Greg Brown knows a thing or two about life. As any one of the songs from his 30-year career will tell you, he is a man who gets to the heart of the matter. Cloaked within a gruff folk style, Brown’s worldly perceptions offer us the opportunity to grimace at our faults and laugh at our eccentricities; yet it is a perspective firmly rooted in heart and home. Raised in rural Iowa by a preacher father and a guitar-playing mother, Brown had his world shaped by music, verse, and tradition. He has recorded more than 25 albums and written for Prairie Home Companion. He’s even been the subject of a tribute album. On Saturday night, Brown returns to the Sings Like Hell series for what is destined to be a poignant wake-up call from America’s heartland.

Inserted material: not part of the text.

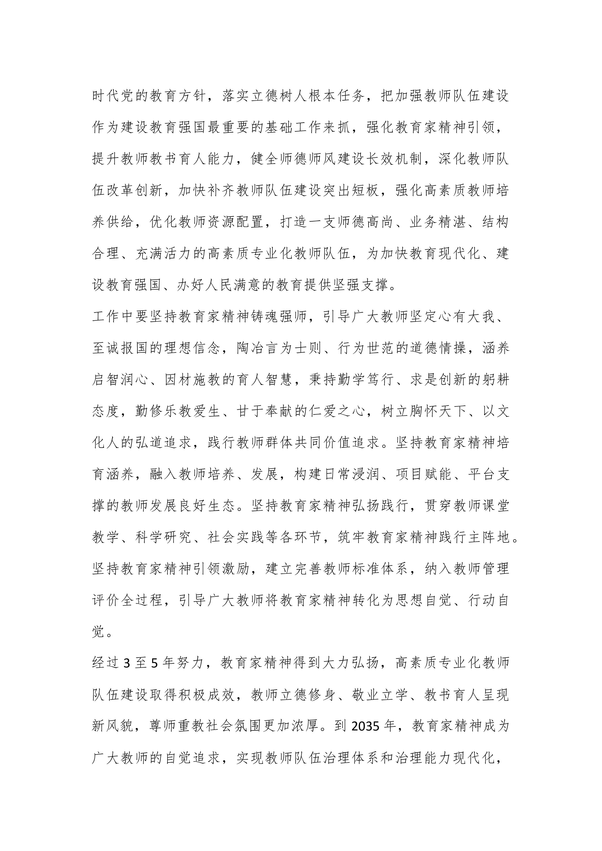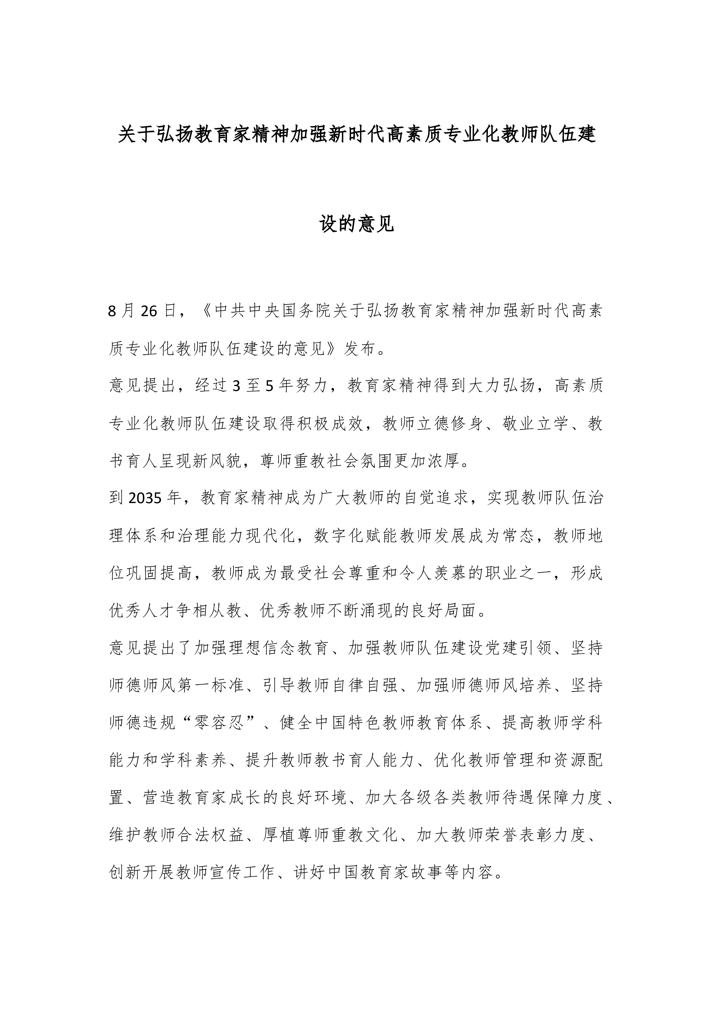 关于弘扬教育家精神加强新时代高素质专业化教师队伍建设的意见.

Your songs span a spectrum of subjects and solicit a range of emotions. What for you is the essence of song? The beautiful thing about songs is you’re putting the words and music and rhythm all together. It becomes more than the sum of the parts. All that stuff is really intensified. The language is intensified by the music, and the music can be intensified by the words and the sounds you’re making, so it’s really a beautiful form. And that goes way back. I kind of feel linked up to the first people who were sitting around a fire somewhere beating on something with a stick and chanting. And I hope it will go forward into the midst of time, if we can just get through this rough patch.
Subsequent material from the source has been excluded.